I have a tendency to become snide when the issue of mugshots — or the lack thereof — is brought up.
Back in the days of the Operation Rockfish police corruption case, I titled a column, “Here’s your mugshots, now leave me alone.”
Probably not the best use of judgment, but as I say, I tend to become snide when the issue is brought up because I just don’t get the obsession.
I’m a word guy. What’s on the digital printed page is more important to me than seeing a photo of someone taken at a time when they are not having the best day of their life.
That was the case Wednesday with the embezzlement story out of the Roanoke Rapids Graded School District.
This story didn’t just fall into my inbox. I received a call around 1:30 p.m. from a very concerned person asking why it hadn’t hit the press. My answer was that I simply didn’t know about it. There had been no media release, and neither I nor the rest of the press — namely me and the local paper — received one until around 5:45 p.m.

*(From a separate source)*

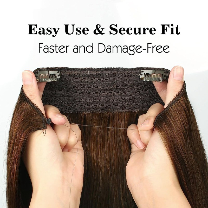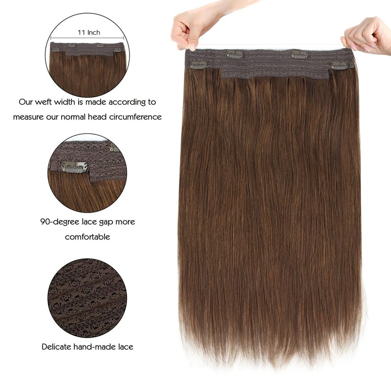 Sassina Invisible Wire Hair Extensions Real Human Hair with Transparent Wire Adjustable Size Secure Clips Natural Straight Secret Miracle Hairpiece, Color#4 18 Inch 110 Gram

Let me be snide once more: When I say the “rest of the press,” I am only referring to rrspin and the local paper. A certain Facebook page that posts what they hear on the scanner and throws personal opinions into said posts hardly meets the definition of working press.
Now that I’ve got that out of my system — for now, at least — let’s get back to the mugshot issue and why there wasn’t one initially.
You can look at the lead photo of this column and see what I encountered on eCourts when I found the arrest warrant. There was no mugshot.
So, I dug through the documents, got the information I needed, sent an email to the school system inquiring about the person’s employment status, and worked on the story.
The warrants confirmed nearly everything I needed for a breaking news story: Confirmation that the person was employed by the school system, the amounts of the alleged embezzlement, how it allegedly happened, the amount of the unsecured bond set by the clerk, and the next court date.
It’s what we refer to in the business as enterprise reporting — acting on a tip rather than being handed a story on a silver platter that plops into your inbox. I was satisfied I had the story and could add the response from the school system and other details later or in a separate piece.
I posted the story and, as my Jedi senses predicted, the first comment was about the wait for a mugshot. My kindly Jedi senses turned into Sith rage — well, not that bad, but more like a rolling of the eyes and a feeling of "here we go again." It’s Rockfish all over.
I thought of the closing lines of the old Rod Stewart song: “Every picture tells a story, don’t it?” Sorry, Rod; sometimes they do, but most of the time, in the case of a mugshot, they don’t.
About the only mugshot that told a complete story was the one of the person currently occupying the White House. You know the one — the mugshot that says, "Here’s a person who doesn’t respect the rule of law and thinks it’s beneath him."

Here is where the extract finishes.